→ WORK TASK: From the records below, output exactly the lines running from the line containing "Цвет #8D81B0 в" through the line containing "向陽蝶舞風水鐘是一款結合開運", and no others.

→ RAW DATA:

┌────────

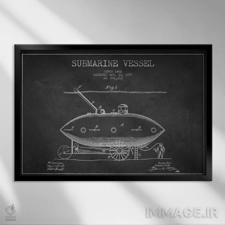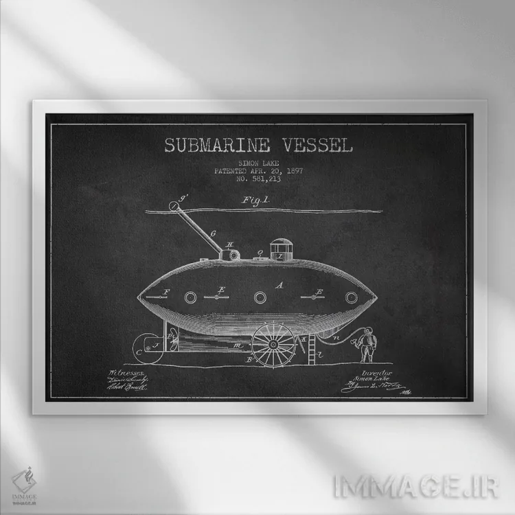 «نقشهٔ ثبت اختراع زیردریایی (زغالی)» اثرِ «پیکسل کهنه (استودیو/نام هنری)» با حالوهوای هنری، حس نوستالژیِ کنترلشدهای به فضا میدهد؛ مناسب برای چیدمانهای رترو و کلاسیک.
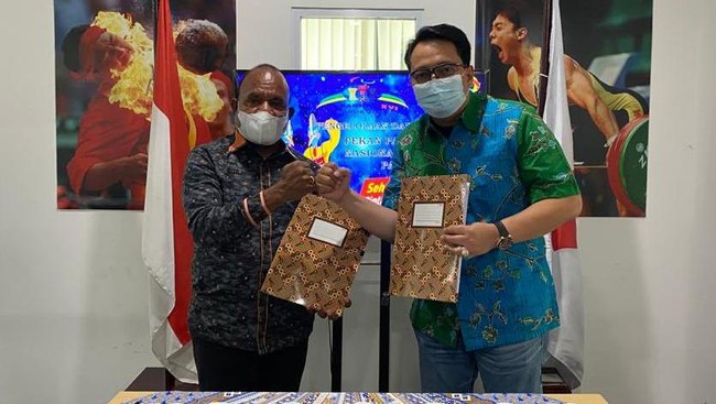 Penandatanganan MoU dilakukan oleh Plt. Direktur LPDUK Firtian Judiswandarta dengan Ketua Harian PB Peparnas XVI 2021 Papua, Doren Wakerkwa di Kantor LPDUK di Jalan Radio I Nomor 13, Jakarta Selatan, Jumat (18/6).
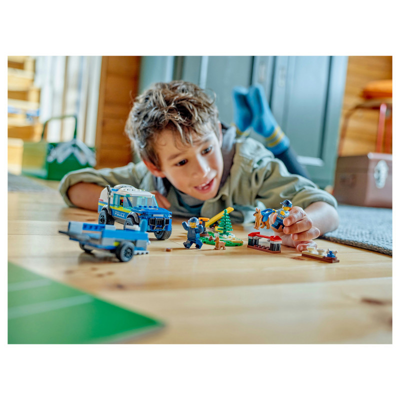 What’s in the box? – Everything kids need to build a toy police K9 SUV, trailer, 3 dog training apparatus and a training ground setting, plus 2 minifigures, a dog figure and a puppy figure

└────────
┌────────

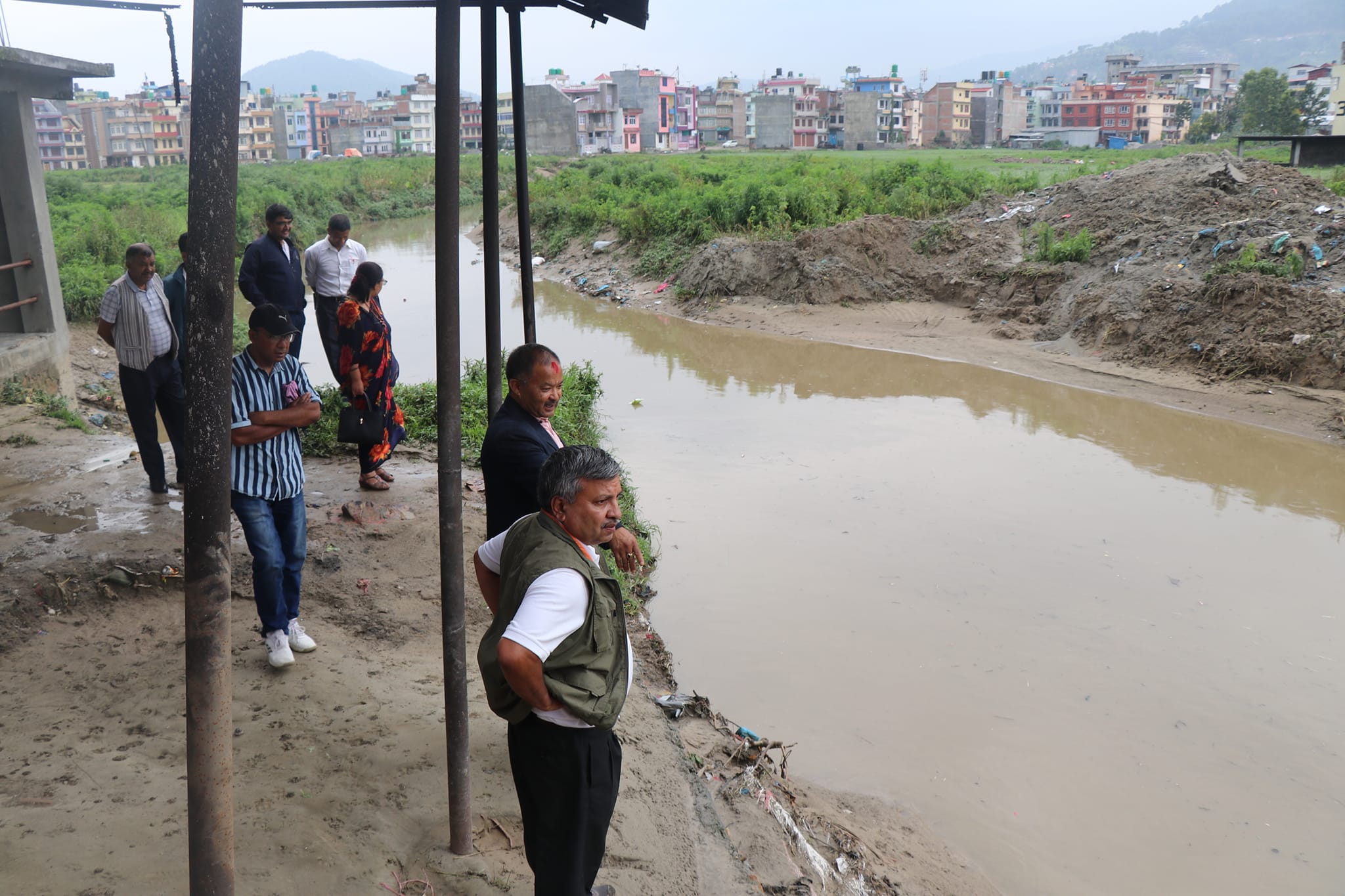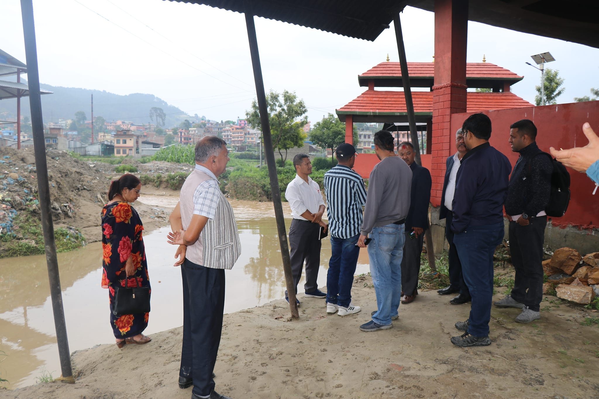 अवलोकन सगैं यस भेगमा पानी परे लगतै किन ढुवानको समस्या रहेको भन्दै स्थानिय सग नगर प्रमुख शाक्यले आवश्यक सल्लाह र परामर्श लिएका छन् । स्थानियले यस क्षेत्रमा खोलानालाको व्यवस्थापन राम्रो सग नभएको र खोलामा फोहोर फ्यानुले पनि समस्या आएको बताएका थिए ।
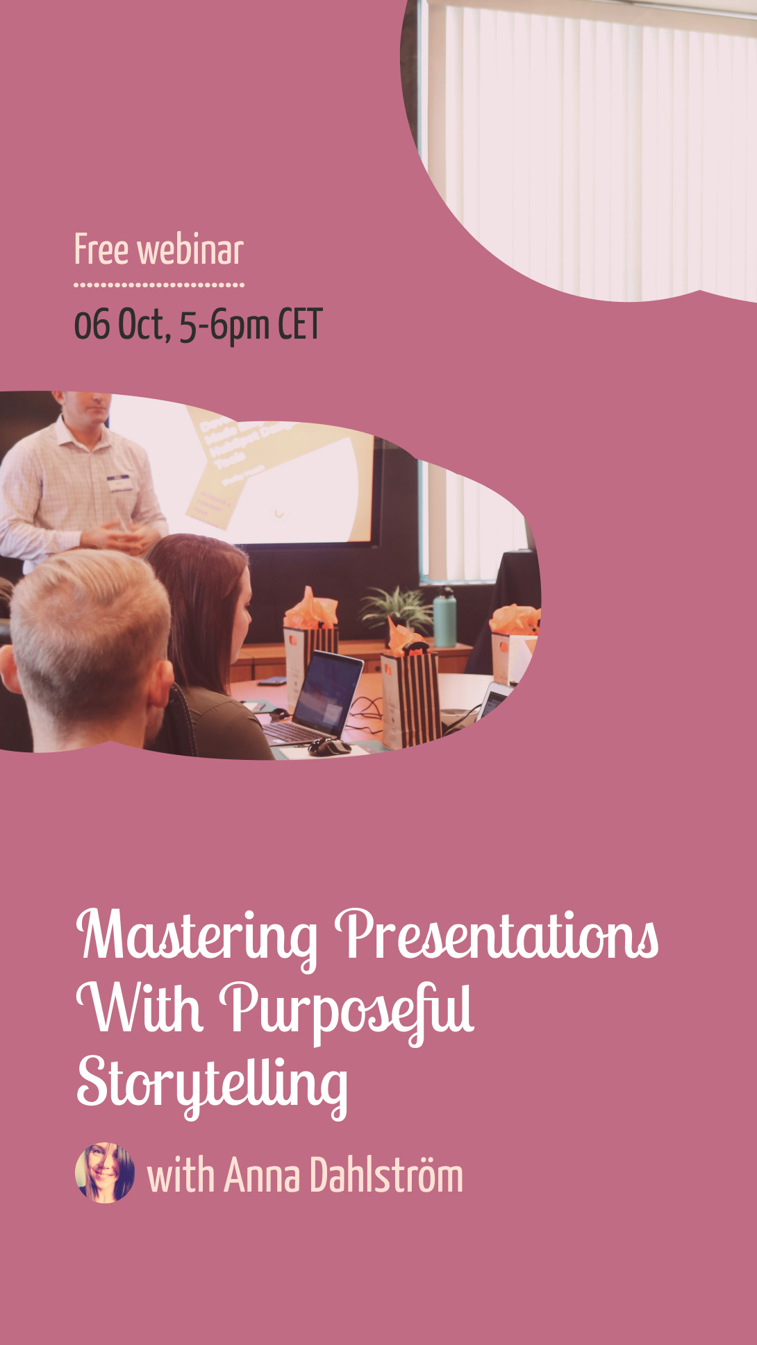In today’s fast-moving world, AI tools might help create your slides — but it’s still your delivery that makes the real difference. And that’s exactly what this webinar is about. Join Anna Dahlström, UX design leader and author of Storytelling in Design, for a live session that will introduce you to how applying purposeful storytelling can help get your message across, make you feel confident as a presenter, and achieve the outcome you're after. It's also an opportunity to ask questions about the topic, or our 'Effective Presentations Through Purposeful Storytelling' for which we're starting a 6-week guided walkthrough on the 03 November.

└────────
┌────────

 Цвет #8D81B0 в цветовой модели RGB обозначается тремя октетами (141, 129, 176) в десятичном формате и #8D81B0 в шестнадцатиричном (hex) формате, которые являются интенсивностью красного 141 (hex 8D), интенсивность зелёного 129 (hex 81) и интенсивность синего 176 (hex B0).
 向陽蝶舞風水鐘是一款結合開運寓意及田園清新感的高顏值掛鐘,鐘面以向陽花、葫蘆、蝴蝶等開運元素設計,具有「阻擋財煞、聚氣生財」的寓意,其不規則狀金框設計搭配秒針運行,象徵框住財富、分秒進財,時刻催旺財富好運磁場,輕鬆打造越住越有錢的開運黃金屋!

└────────

→ ANSWER BELOW:
 Цвет #8D81B0 в цветовой модели RGB обозначается тремя октетами (141, 129, 176) в десятичном формате и #8D81B0 в шестнадцатиричном (hex) формате, которые являются интенсивностью красного 141 (hex 8D), интенсивность зелёного 129 (hex 81) и интенсивность синего 176 (hex B0).
 向陽蝶舞風水鐘是一款結合開運寓意及田園清新感的高顏值掛鐘,鐘面以向陽花、葫蘆、蝴蝶等開運元素設計,具有「阻擋財煞、聚氣生財」的寓意,其不規則狀金框設計搭配秒針運行,象徵框住財富、分秒進財,時刻催旺財富好運磁場,輕鬆打造越住越有錢的開運黃金屋!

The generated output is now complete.